Основные трудности запоминания связаны с неприятной особенностью регистра оперативной памяти, которая заключается в том, что в этом регистре может обрабатываться одновременно только 7±2 единицы информации (ЕИ). Поэтому люди с нетренированной памятью стремятся запомнить учебный материал небольшими порциями. Преодоление барьера в 7 единиц — основная задача тренировки на первом этапе.

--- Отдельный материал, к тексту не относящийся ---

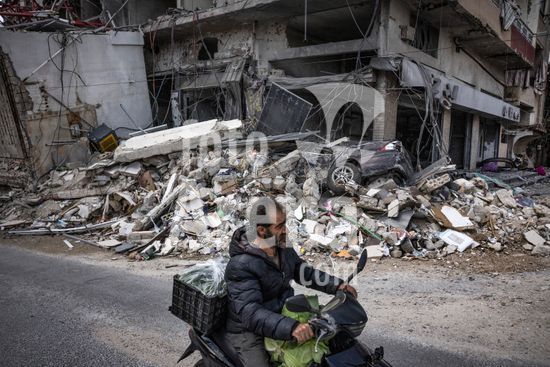 ny270326140614 A man rides a scooter past a building destroyed by Israeli strikes in the southern port city of Tyre, Lebanon, on Friday, March 27, 2026. In Lebanon, the Israeli military issued fresh evacuation orders for Beirut?s densely populated southern outskirts, a Hezbollah stronghold, indicating that airstrikes were imminent. (David Guttenfelder/The New York Times/Fotoarena)

Итак, информация, поступая извне, проходит все регистры, прежде чем поступить в ДВХ. При этом объем ДВХ практически не ограничен, а объем регистров, где информация проходит обработку, ограничен семью единицами информации. Для преодоления этого барьера и увеличения объема памяти имеются различные способы. В основе любого из них лежит элемент связывания, которое может происходить как на образном уровне, так и на логическом. Наибольший эффект запоминания можно получить тогда, когда задействованы оба уровня. Связывание на обоих уровнях бывает внутренним и внешним.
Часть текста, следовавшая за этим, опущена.